Following a considerable delay and a threat by the European Commission to initiate infringement proceedings, Bulgaria finally implemented in its national law the provisions of the European Directive 2014/104/EU on Antitrust Damages Actions dated 26 November 2014 (the “Private Damages Directive”). On 3 January 2018 in the Bulgarian State Gazette was promulgated the Act for Amendment and Supplementation (the “Amendment Act”) of the Competition Protection Act (“CPA”). The deadline for transposition of the Private Damages Directive in the legislations of the EU Member States was 27 December 2016, but Bulgaria delayed the transposition with more than a year mainly due to the parliamentary elections in the country.
The Amendment Act will enter into force on 7 January 2018. Claims for damages initiated before the Bulgarian state courts until 26 December 2014 will be ruled by the existing regime.
The Private Damages Directive covers infringements of Art. 101 and 102 TFEU and their corresponding provision in domestic legislation, i.e. Art. 15 and Art. 21 of the CPA. Thus, the Amendment Act covers both prohibited agreements and abuse of dominant position.
Regarding the competence for resolving private damages claims, these will be the ordinary competent civil/commercial courts as per the Bulgarian Civil Procedure Code. The competent state courts will be able to order the parties, or a third party, to disclose relevant evidence upon request of the parties to the claim as well as evidence collected and produced under the proceedings before the European Commission and the Bulgarian Competition Protection Commission.
The Amendment Act provides a joint and several liabilities for undertakings that breached competition law. The Amendment Act does not provide a specific limitation period, as the default limitation period under Bulgarian law for torts is 5 years. The limitation period starts once the person incurred damages has knowledge, or it could be deemed that it had knowledge, of the damages, the infringer and the competition law breach.

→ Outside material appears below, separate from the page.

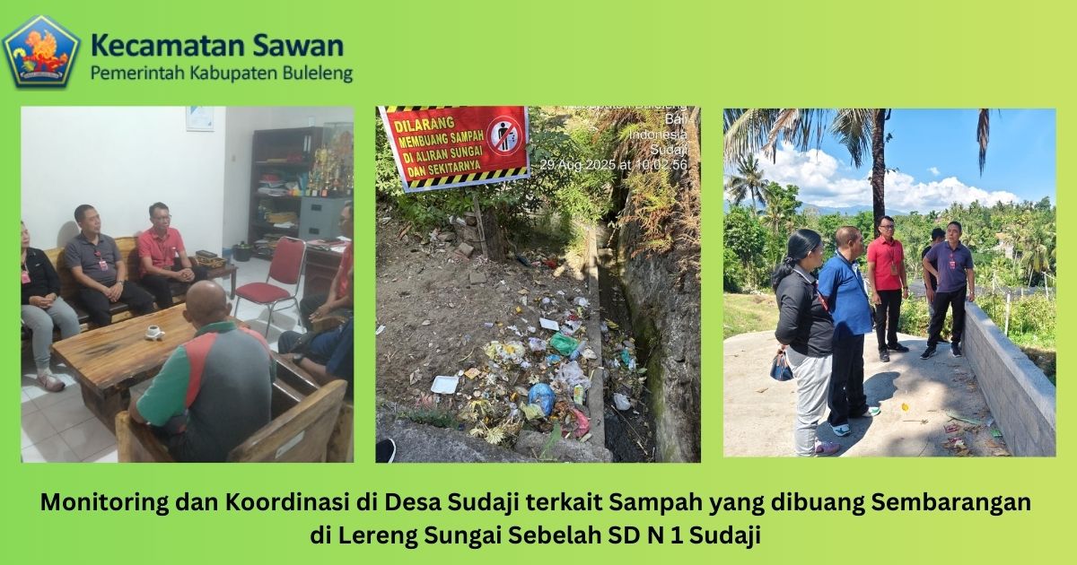 Hari ini jumat, 29 Agustus 2025 Sekcam Sawan Gde Agus Ngurah Suryawan, S.Sos bersama Plt. Kasi Pelayanan Terpadu Made Suastika, S.Sos dan staf melakukan monitoring dan koordinasi ke Kantor Perbekel Desa Sudaji terkait sampah yang dibuang sembarangan di lereng sungai sebelah SD N 1 Sudaji. Dalam monitoring ini diterima langsung Perbekel Desa Sudaji, Kelian Banjar Dinas Desa dan Perangkat Desa .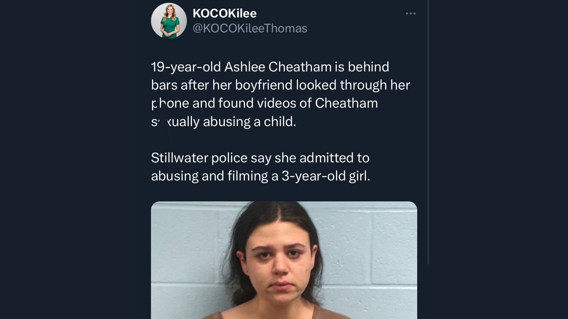 A 19-year-old from Stillwater, Oklahoma, Ashlee Cheatham was arrested on August 22, 2023, for s*xually abusing her partner's three-year-old daughter. Police found out about the incident after Ashlee's boyfriend reported that he found disturbing images on Ashlee's phone.

Usually for the persons incurred damages by competition law breaches, the most difficult task is to prove the committed infringement. This issue was facilitated by imposing an irrebuttable presumption of fault of the infringer established with decisions by the European Commission or by the Bulgarian Competition Authority. Decisions by other Member States’ competition authorities will have solely evidential value in relation to the infringement. Understandably, to the procedures initiated without an existing decision of the European Commission or the Bulgarian Competition Authority the above rules will not apply. Consequently, the victims incurred damages by competition law breaches will again be in front of an obstacle proving the subjective element of the infringement.
Speaking about the objective element of the infringement, i.e. the damages incurred, the Amendment Act adopted that a rebuttable presumption for incurred damages exists only regarding cartel infringements.
In conclusion, it is expected that the transposition of the Private Damages Directive will motivate and facilitate the victims of competition law breaches to request compensation for incurred damages before the competent Bulgarian courts. Normally, upon application of the new rules, some deficiencies may pop up. However, even at this early stage of the application of the Amendment Act, note shall be taken that lots of persons are registering companies which are assigned with claims by persons incurred damages from competition law infringements. Consequently, it is very likely the claims to be submitted by the said companies. From Bulgarian law perspective such a scenario raises unclarity and unfortunately the issue is not explicitly regulated by the Amendment Act.